What needs to be done:
Word for word and without images, transcribe all of the records.

-- Opening Marker --

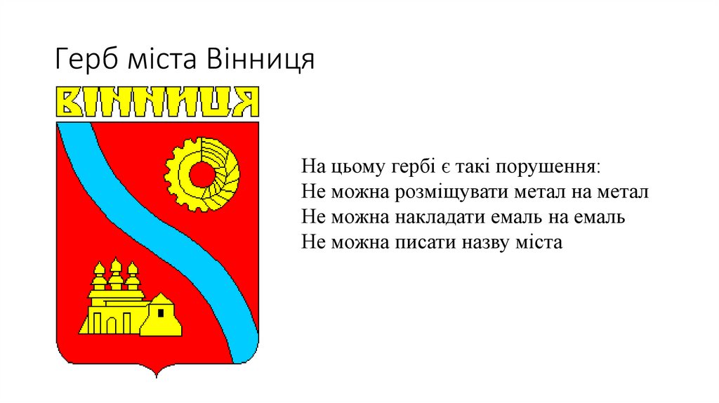 Герб міста ВінницяНа цьому гербі є такі порушення:
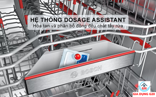 Hệ thống Dosage Assistant được thiết kế ở đầu giàn giữa, hệ thống hỗ trợ hòa tan chất tẩy rửa sau đó phân bổ đều khắp khoang máy. Từ đó tiết kiệm tối ưu lượng chất tẩy rửa cần dùng.
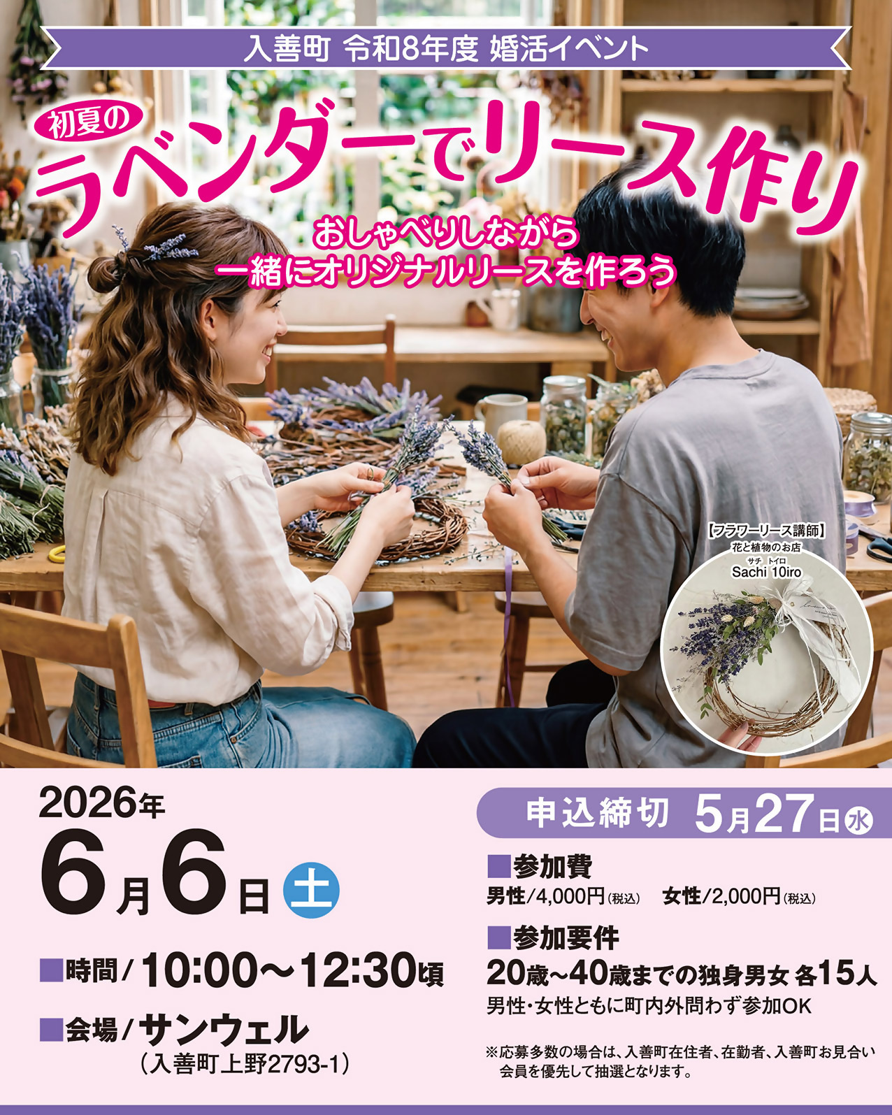 6/6(土)婚活イベント 「初夏のラベンダーでリース作り」 開催 入善町
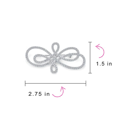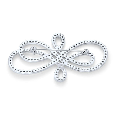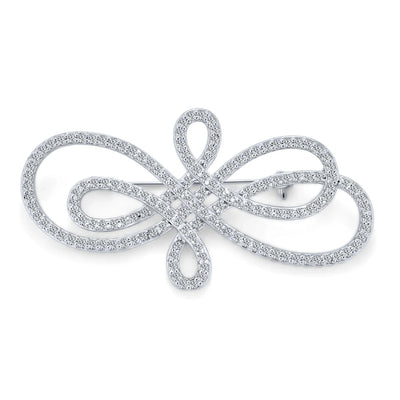 Bridal Swirl Pave Cubic Zirconia Art Deco Brooche Pin Silver
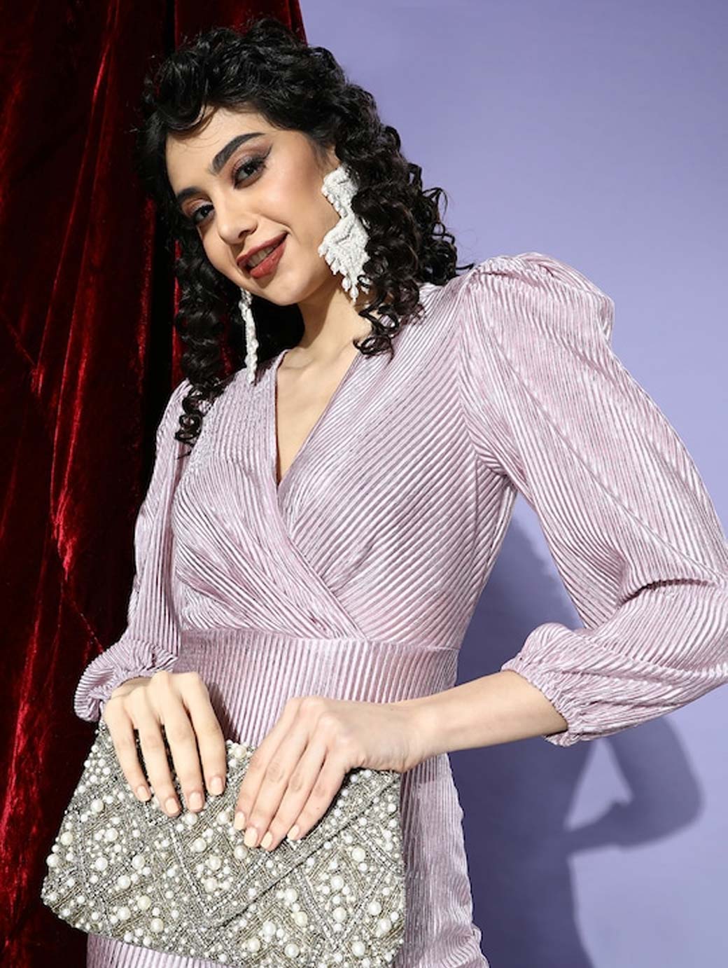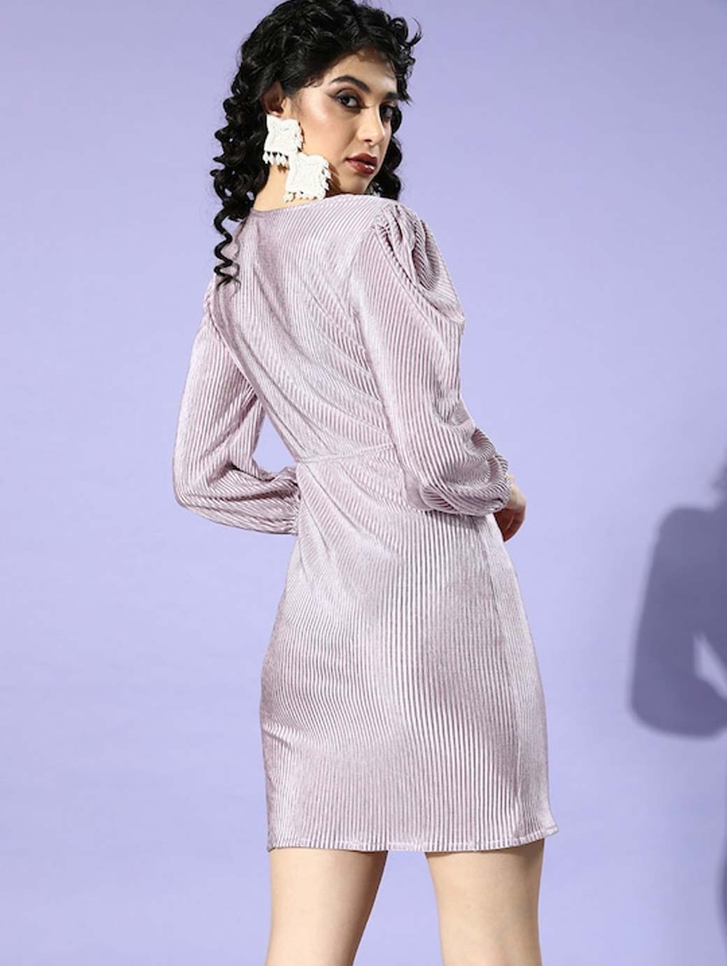 Lavender solid wrap dress, V-neck, Long, puff sleeve, Embellished detail, Above knee length in straight hem.

-- Closing Marker --

Result of this task:
 Герб міста ВінницяНа цьому гербі є такі порушення:
 Hệ thống Dosage Assistant được thiết kế ở đầu giàn giữa, hệ thống hỗ trợ hòa tan chất tẩy rửa sau đó phân bổ đều khắp khoang máy. Từ đó tiết kiệm tối ưu lượng chất tẩy rửa cần dùng.
 6/6(土)婚活イベント 「初夏のラベンダーでリース作り」 開催 入善町
 Bridal Swirl Pave Cubic Zirconia Art Deco Brooche Pin Silver
 Lavender solid wrap dress, V-neck, Long, puff sleeve, Embellished detail, Above knee length in straight hem.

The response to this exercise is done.